Ademais, adolescentes e jovens trazem pessoalidades não lineares e sociabilidades complexas. Acompanhá-los é permitir-se caminhar em seus ritmos, seus olhares, suas percepções, realizando um diálogo honesto e responsável, não para que adultos assumam identidades adolescentes e juvenis (o que seria rechaçado por eles), mas para que estes tornem-se referências de maturidade e legitimidade do valor da vida em seu percurso, da cultura cooperativa em prol de novos e positivos paradigmas pessoais e sociais. Igualmente, para que aprendamos uns com os outros, assumindo uma pedagogia de responsabilidade comunitária, menos individualizante e mais ao encontro de sujeitos concretos, não idealizados, adultizados ou infantilizados, mas como os são em suas dignidades e seus anseios de vida.
* Sugiro a leitura do livro A cabeça bem-feita: repensar a reforma, reformar o pensamento de Edgar Morin (2003) para ampliação dessa compreensão.
** Jovem participante da pesquisa: “Vamos falar sobre o Ensino Médio? os(as) jovens estudantes e suas percepções de currículo no Brasil Marista”.
*** Sugere-se apropriação do conteúdo do Estatuto da Criança e do Adolescente e do Estatuto das Juventude.
PATRÍCIA ESPÍNDOLA DE LIMA TEIXEIRA
Psicopedagoga, doutoranda e mestra em Teologia Sistemática com ênfase em Antropologia (PUCRS). Coordenadora do Observatório Juventudes PUCRS/Rede Marista
Referências
BRASIL. Lei n. 12.852, de 5 de agosto de 2013. Institui o Estatuto da Juventude e dispõe sobre os direitos dos jovens, os princípios e as diretrizes das políticas públicas de juventude e o sistema nacional de juventude – SINAJUVE. Brasília: Diário Oficial da União, 2013.
______. Lei n. 8.069, de 13 de julho de 1990. Dispõe sobre o Estatuto da Criança e do Adolescente e dá outras providências. Vade mecum acadêmico de direito Rideel. 15. ed. atual. e ampl. São Paulo: Rideel, 2012.

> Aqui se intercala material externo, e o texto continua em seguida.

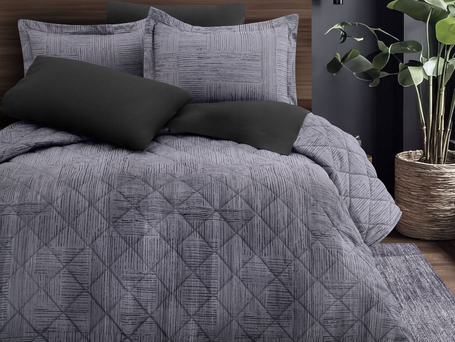 Delgadas líneas negras se entrelazan en perfecta simetría, formando un juego de trazos verticales y horizontales sobre un fondo gris sereno. Las cenefas, en sutil degradado, añaden un toque de movimiento suave, como si el diseño fluyera en armonía. Esta colcha equilibra lo moderno con lo atemporal, envolviendo tu espacio en una sofisticada elegancia donde el descanso se convierte en arte.

MORIN, Edgar. A cabeça bem-feita: repensar a reforma, reformar o pensamento. Tradução de Eloá Jacobina. 8. ed. Rio de Janeiro: Bertrand Brasil, 2003.
UNIÃO MARISTA DO BRASIL; OBSERVATÓRIO JUVENTUDES PUCRS/REDE MARISTA; OBSERVATÓRIO DAS JUVENTUDES PUCPR. Vamos falar sobre o Ensino Médio? Os(as) jovens estudantes e suas percepções de currículo no Brasil Marista. Porto Alegre: EDIPUCRS, 2020.